» **Task objective**: Reproduce the listing below exactly. Pictures do not belong in the copy.

» **Dataset excerpt**:
=======
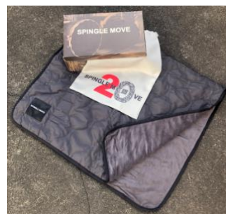
専用スペシャルボックスと特製シューズバッグ、キルティングブランケット兼ポンチョ

SPINGLE MOVE の 20 周年記念モデルは、広島県府中市の本社工場にあるバルカナイズ製法の釜をプリントした専用スペシャルボックスに入っています。さらに、今回は特製シューズバッグ、サッカー観戦など野外で活躍するキルティングのブランケット(兼ポンチョ)がついています。
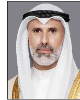
وزير الخارجية الشيخ جراح الجابر

وذكرت «الخارجية» في بيان لها أنه جرى خلال الاتصال استعراض العلاقات الثنائية الاستراتيجية بين البلدين الصديقين وسبل تعزيزها وتطويرها في مختلف المجالات بالإضافة إلى مناقشة آخر تطورات الأحداث الراهنة في المنطقة والجهود المبذولة بشأنها. من جانب آخر، أعربت وزارة الخارجية عن خالص تعازي وتعاطف دولة الكويت مع دولة قطر الشقيقة في استشهاد أحد المواطنين القطريين وإصابة مقيم جراء إصابتهما بشظايا ناجمة عن العمليات العسكرية التي شهدتها المنطقة مؤخرا. وتقدمت «الخارجية» بخالص تعازي دولة الكويت وصادق مواساتها للممارسات التي تمثل تقويضا للجهود الرامية إلى حفظ الأمن والاستقرار واستخفافا بالالتفاقيات الدولية ذات الصلة وفي مقدمتها اتفاقية فض الاشتباك لعام 1974. وجددت موقف دولة الكويت الثابت والداعم لسيادة الجمهورية العربية السورية الشقيقة ووحدة وسلامة أراضيها.
=======
» **Solution below**:
専用スペシャルボックスと特製シューズバッグ、キルティングブランケット兼ポンチョ

SPINGLE MOVE の 20 周年記念モデルは、広島県府中市の本社工場にあるバルカナイズ製法の釜をプリントした専用スペシャルボックスに入っています。さらに、今回は特製シューズバッグ、サッカー観戦など野外で活躍するキルティングのブランケット(兼ポンチョ)がついています。
وزير الخارجية الشيخ جراح الجابر

وذكرت «الخارجية» في بيان لها أنه جرى خلال الاتصال استعراض العلاقات الثنائية الاستراتيجية بين البلدين الصديقين وسبل تعزيزها وتطويرها في مختلف المجالات بالإضافة إلى مناقشة آخر تطورات الأحداث الراهنة في المنطقة والجهود المبذولة بشأنها. من جانب آخر، أعربت وزارة الخارجية عن خالص تعازي وتعاطف دولة الكويت مع دولة قطر الشقيقة في استشهاد أحد المواطنين القطريين وإصابة مقيم جراء إصابتهما بشظايا ناجمة عن العمليات العسكرية التي شهدتها المنطقة مؤخرا. وتقدمت «الخارجية» بخالص تعازي دولة الكويت وصادق مواساتها للممارسات التي تمثل تقويضا للجهود الرامية إلى حفظ الأمن والاستقرار واستخفافا بالالتفاقيات الدولية ذات الصلة وفي مقدمتها اتفاقية فض الاشتباك لعام 1974. وجددت موقف دولة الكويت الثابت والداعم لسيادة الجمهورية العربية السورية الشقيقة ووحدة وسلامة أراضيها.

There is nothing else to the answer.